British Police Forces Lobbied to Employ Discriminatory Facial Recognition Technology
Police forces across the United Kingdom successfully lobbied to deploy a face scanning system acknowledged as biased against females, young people, and individuals from ethnic minority groups, following complaints that a less biased version produced fewer investigative leads.
How the System Works
UK forces utilize the police national database (PND) to carry out retrospective facial recognition searches. This process involves matching a reference photograph of a suspect against a database of more than 19 million mugshots to find potential matches.
Acknowledged Discrimination
The UK interior ministry admitted last week that the technology was flawed. This admission followed a review by the National Physical Laboratory (NPL) determined it misidentified Black and Asian people and women at much greater frequency than white men. The ministry stated it “took steps on the findings”.
“It prompts the question of whether facial recognition only becomes effective if users accept biases in ethnicity and sex. Convenience is a weak argument for disregarding basic freedoms.”
Long-Standing Problem
Official papers reveal that this discriminatory flaw has been known about for over twelve months. Furthermore, police forces argued to overturn an earlier ruling that was designed to mitigate the problem.
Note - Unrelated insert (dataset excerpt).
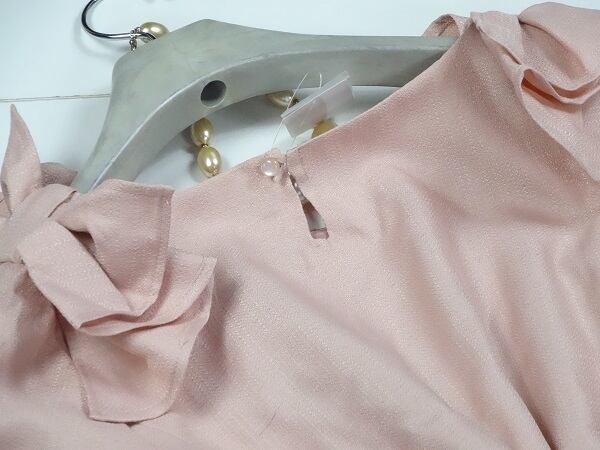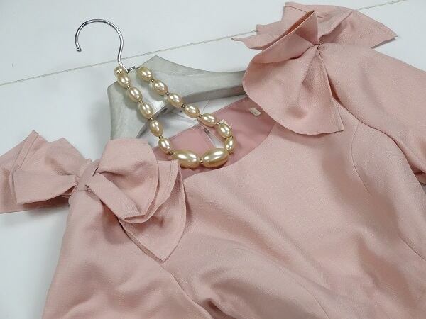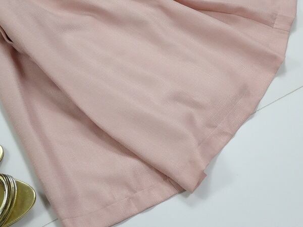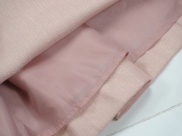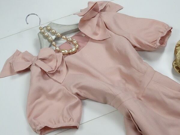 肩フリルリボンタックフレアピンクのワンピース。ツイード風のピンクの生地でしっかりとした印象。肩には共布でリボンを飾り、ふっくらとした袖が二の腕をしっかりカバー。ウエストで切り返しが入り、タックをとったスカートは生地をたっぷりとったフレアタイプ。可愛くフェミニンなデザインです。パーティやイベント、コンサート、結婚式にと、さまざまシーンで活躍してくれるキュートな一着。ファスナーなし。後ろボタン1つ留め。裏地付。

Police bosses were informed of the system's bias in September 2024. The Home Office-commissioned NPL review concluded the system was had a higher probability to produce false positives for images depicting women, Black people, and those aged 40 and under.
A Policy U-Turn
In reaction, the national police leadership body ordered that the confidence threshold required for possible hits be raised to a level where the bias was greatly diminished.
However, this directive was reversed the next month following complaints from police that the adjusted system was producing a lower number of “investigative leads”. NPCC documents show the stricter setting cut the proportion of queries resulting in possible identifications from over half to a just under 15%.
Profound Inequalities
Although the authorities refused to say what setting is now in operation, the recent independent review found the system could produce false positives for Black women nearly a hundred times more frequently than for white women at certain settings.
The ministry commented on these findings: “The testing found that in a specific scenarios the software is has a greater tendency to wrongly flag some demographic groups in its search results.”
Operational Effectiveness vs. Bias
Describing the effect of the brief increase to the system's accuracy setting, the police records note: “The change significantly reduces the impact of bias across legally safeguarded attributes of race, generation and gender but had a significant negative impact on operational effectiveness”. The documents add that police units argued that “a previously useful tool returned outcomes of limited benefit”.
Wider Implementation Proposals
Meanwhile, the UK administration has opened a ten-week consultation on its proposals to expand the use of biometric scanning systems. The minister for police the relevant minister has described the technology as the “most significant advance since genetic fingerprinting”.
Criticism from Advisors and Monitors
The chair of a police oversight board, chair of the independent scrutiny and oversight board for the police race action plan, said: “We observed very little discussion through race action plan meetings of the facial recognition rollout even with clear relevance with the strategy's goals.
“This disclosure show yet again that the pledges to combat discrimination policing has made through the equality initiative are not being translated into broader operations. Our reports have warned that innovative tools are being rolled out in a context where ethnic inequalities, weak scrutiny and faulty information gathering already persist.
“Any use of this technology must meet rigorous official guidelines, be subject to external review, and prove it diminishes rather than exacerbates racial disparity.”
Official Statement
A Home Office spokesperson stated: “The Home Office takes the findings of the study with utmost gravity and we have already taken action. A updated software has been externally evaluated and acquired, which has demonstrated no measurable discrimination. It will be trialled in the coming months and will be undergo further assessment.
“Our priority is ensuring public safety. This gamechanging technology will support police to apprehend and prosecute offenders. There is officer review in every step of the procedure and no further action would be pursued without specialist personnel carefully reviewing the output.”